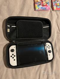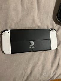Nintendo Switch Oled usata ma in ottime condizioni senza alcun segno partiolare, con custodia. Presenta tutti gli accessori orignari per poterla collegare alla TV e due controller aggiuntivi, di cui uno (blu) con un leggero danno (il tasto superiore non “clicca” benissimo e non funziona nel setup singolo, quindi messo in orizzontale, ma funiziona). Se interessati ho anche i seguenti giochi da comprare in aggiunta: - Super Mario Odyssey 35€ - Zelda Breath of The Wild 38€ - Super Mario Kart 8 35€
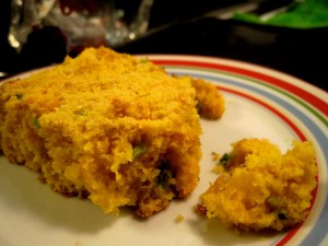 The recipe calls for milk or buttermilk. I don’t drink milk and really only use it in baking, substituting soy milk most other times. And usually it works out fine. I’ve made some damn good gratin potatoes with soy milk. The only thing I’ve had trouble with is alfredo sauce. My body cannot handle all that heavy cream but oh good Lord I love alfredo sauce. Soy milk, in my experience, when heated up and subbed for heavy cream in this case, gets sweet, and alfredo sauce should not be sweet. Does anyone have any tips on cooking with soy milk or other dairy substitutes? Anyway, back to the corn bread. I didn’t have milk and was almost out of soy milk. I did however have heavy cream for some weird reason, so used that instead. No need to do that I’m sure. I’d stick with milk or soy next time.
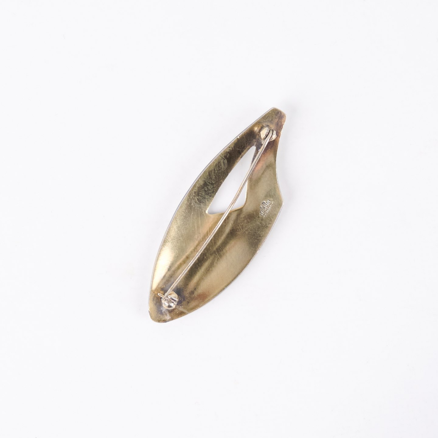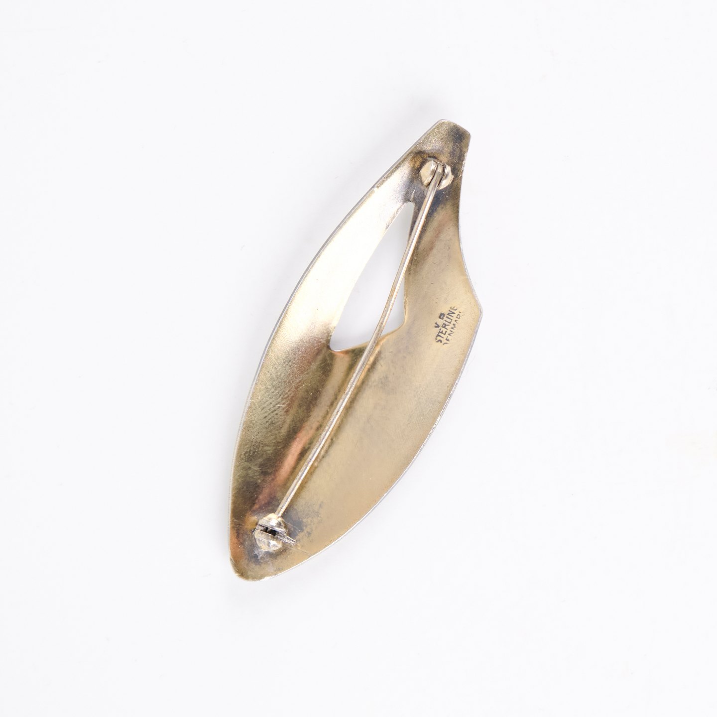 Elegant broche i sterling sølv med hvid emalje, stemplet V.R Sterling Denmark. Det fine, rene udtryk og det klassiske håndværk gør smykket velegnet som både samlerobjekt og tidløs accessory. Et kvalitetsstykke med enkel skandinavisk æstetik.
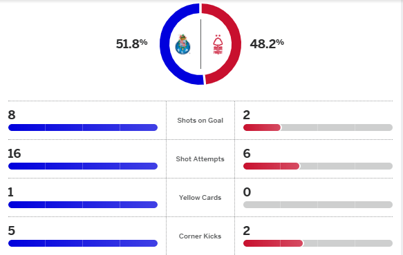น็อตติ้งแฮม ฟอเรสต์ โดนนำก่อนนาที 11 แล้วไม่นานตีเสมอด้วยจังหวะคู่แข่งจ่ายพลาดเข้าโกล์ตัวเอง จากนั้นถึงแม้ ปอร์โต้ ครองบอลสร้างโอกาสมากกว่าแต่นายด่าน สเตฟาน ออร์เตก้า ช่วยเซฟหลายครั้งให้ตัวแทน พรีเมียร์ ลีก บุกเสมอจ่าฝูงโปรตุเกส 1-1 ศึก ยูโรป้า ลีก รอบ 8 ทีมเลกแรก
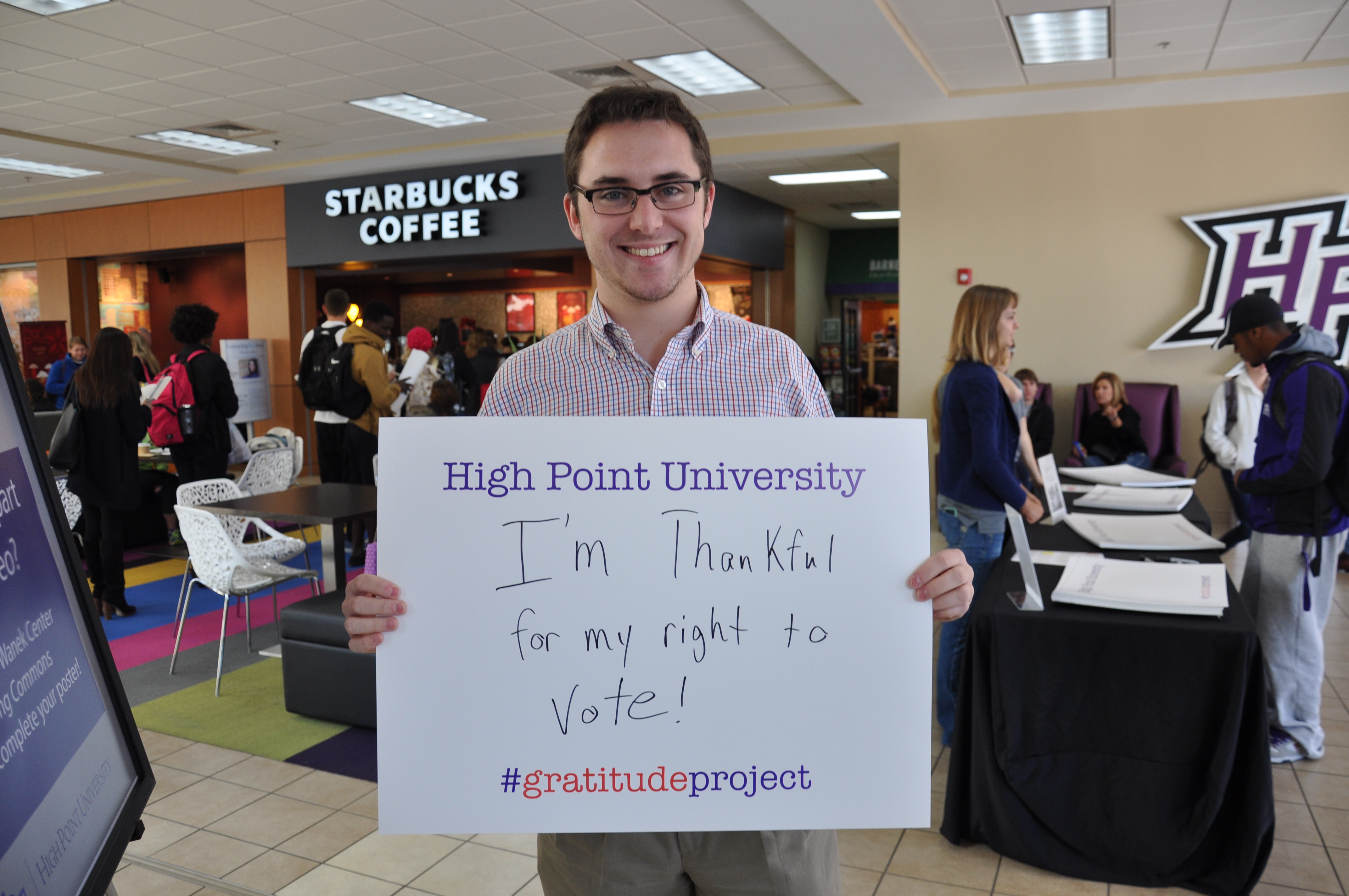 HIGH POINT, N.C., Nov. 18, 2013 – High Point University students took time to give thanks during “The Gratitude Project,” a way for them to document their blessings this Thanksgiving season.
■ ■ ■ ■ ■ ■ ■
• **THE TASK**
Copy all the data exactly as written, but skip any picture.

• **EXPECTED ANSWER**
Nintendo Switch Oled usata ma in ottime condizioni senza alcun segno partiolare, con custodia. Presenta tutti gli accessori orignari per poterla collegare alla TV e due controller aggiuntivi, di cui uno (blu) con un leggero danno (il tasto superiore non “clicca” benissimo e non funziona nel setup singolo, quindi messo in orizzontale, ma funiziona). Se interessati ho anche i seguenti giochi da comprare in aggiunta: - Super Mario Odyssey 35€ - Zelda Breath of The Wild 38€ - Super Mario Kart 8 35€
 The recipe calls for milk or buttermilk. I don’t drink milk and really only use it in baking, substituting soy milk most other times. And usually it works out fine. I’ve made some damn good gratin potatoes with soy milk. The only thing I’ve had trouble with is alfredo sauce. My body cannot handle all that heavy cream but oh good Lord I love alfredo sauce. Soy milk, in my experience, when heated up and subbed for heavy cream in this case, gets sweet, and alfredo sauce should not be sweet. Does anyone have any tips on cooking with soy milk or other dairy substitutes? Anyway, back to the corn bread. I didn’t have milk and was almost out of soy milk. I did however have heavy cream for some weird reason, so used that instead. No need to do that I’m sure. I’d stick with milk or soy next time.
 Elegant broche i sterling sølv med hvid emalje, stemplet V.R Sterling Denmark. Det fine, rene udtryk og det klassiske håndværk gør smykket velegnet som både samlerobjekt og tidløs accessory. Et kvalitetsstykke med enkel skandinavisk æstetik.
น็อตติ้งแฮม ฟอเรสต์ โดนนำก่อนนาที 11 แล้วไม่นานตีเสมอด้วยจังหวะคู่แข่งจ่ายพลาดเข้าโกล์ตัวเอง จากนั้นถึงแม้ ปอร์โต้ ครองบอลสร้างโอกาสมากกว่าแต่นายด่าน สเตฟาน ออร์เตก้า ช่วยเซฟหลายครั้งให้ตัวแทน พรีเมียร์ ลีก บุกเสมอจ่าฝูงโปรตุเกส 1-1 ศึก ยูโรป้า ลีก รอบ 8 ทีมเลกแรก
 HIGH POINT, N.C., Nov. 18, 2013 – High Point University students took time to give thanks during “The Gratitude Project,” a way for them to document their blessings this Thanksgiving season.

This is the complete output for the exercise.